Por lo tanto, hemos realizado más estudios sobre los posibles objetivos de EIF5A2
in vitro
. Nuestros resultados mostraron que EIF5A2 regulada positivamente ciclina D1 y ciclina D3, que juegan un papel importante en la proliferación celular GC y la regulación del ciclo celular. [24, 25] Todos estos resultados apoyan la hipótesis de que EIF5A2 promueve la proliferación celular GC a través de la regulación positiva de la ciclina D1 y ciclina D3. Al mismo tiempo, los estudios anteriores demostraron que EIF5A2 promueve la invasión de células /metástasis y epitelio-mesenquimal transición (EMT) a través de la activación de MTA1 /C-MYC en el cáncer colorrectal. [8] MTA1 y C-MYC, así como el programa de EMT, también estuvieron involucrados en la regulación de la metástasis GC. [26-28] tanto, nuestro estudio MTA1, C-MYC y dos marcadores de EMT-asociado, e-cadherina y vimentina. Nuestros estudios demostraron que EIF5A2 MTA1 regulada positivamente, C-MYC y vimentina y negativamente regulado E-cadherina. Todos estos resultados sugieren que EIF5A2 podría regular la migración celular y la invasión de regulación de MTA1, C-MYC y EMT
in vitro
, pero se necesitan más estudios para investigar los mecanismos exactos
.
Los resultados del presente estudio también mostró que la proteína EIF5A2 se correlacionó positivamente con el estadio pT y pN etapa. Resultados similares se observaron también en el cáncer de ovario humano. [5] Estos resultados sugieren que EIF5A2 puede estar asociada con la invasión tumoral y la metástasis de los ganglios linfáticos en ciertos tipos de cánceres humanos, incluyendo GC. Más interesante aún, en el presente estudio, la sobreexpresión EIF5A2 se encuentra también en la invasión de células cancerosas (invasión de vasos), y la sobreexpresión de la proteína en el tejido EIF5A2 GC primaria correlacionado con la presencia de invasión linfovascular.
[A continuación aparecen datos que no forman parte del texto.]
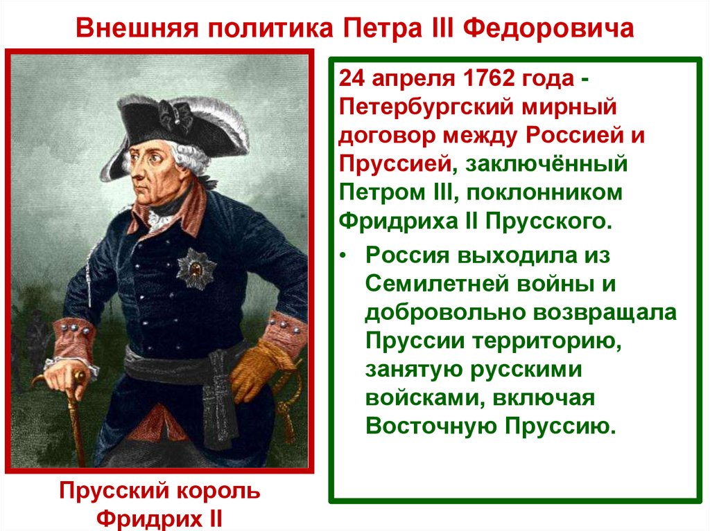 Внешняя политика Петра III Федоровича24 апреля 1762 года Петербургский мирный

De acuerdo con los resultados encontrados en estudios previos de otros tumores malignos humanos incluyendo tumores epiteliales de ovario, carcinoma de vejiga, cáncer de pulmón y cáncer colorrectal, la sobreexpresión de EIF5A2 en el presente estudio se correlacionó con una baja supervivencia de los pacientes con GC. [5, 8, 29] Además, el análisis multivariante mostró que la proteína EIF5A2 es un predictor independiente de mal supervivencia en pacientes sometidos a cirugía para GC.
MTA1, como un gen candidato asociados a metástasis, se ha demostrado que desempeñan el papel crítico en agresividad celular de cáncer gástrico. [27] La sobreexpresión de MTA1 se asocia significativamente con un mal pronóstico en pacientes pN0 GC. [30] El presente estudio demostró que la expresión EIF5A2 se correlacionó positivamente con la expresión MTA1 en los tejidos humanos GC. El análisis inmunohistoquímico combinado en estudios in vitro muestra que la MTA1-eje EIF5A2 puede jugar un papel importante en la agresividad del cáncer gástrico.
En resumen, los resultados del presente estudio mostraron que la sobreexpresión de EIF5A2 estaba estrechamente relacionada con GC la proliferación celular, la migración y la invasión a través de la metástasis asociada a proteínas MTA1. Al mismo tiempo, EIF5A2 puede ser importante en la regulación de EMT en GC. La sobreexpresión de EIF5A2 podría ser un factor predictor independiente de supervivencia de los pobres y una atractiva diana terapéutica para GC, pero se necesitan más estudios.
Apoyo a la Información sobre Table S1. Análisis de los factores asociados con la supervivencia global (SG)
doi:. 10.1371 /journal.pone.0119229.s001 gratis (DOC) sobre Table S2. Análisis de los factores asociados con la supervivencia libre de enfermedad (DFS) guía doi:. 10.1371 /journal.pone.0119229.s002 gratis (DOC)
Reconocimientos
Los autores desean agradecer al Sr. de-Tian Wang, Sra Yu-Feng Luo y el profesor Pei Gu por sus soportes técnicos.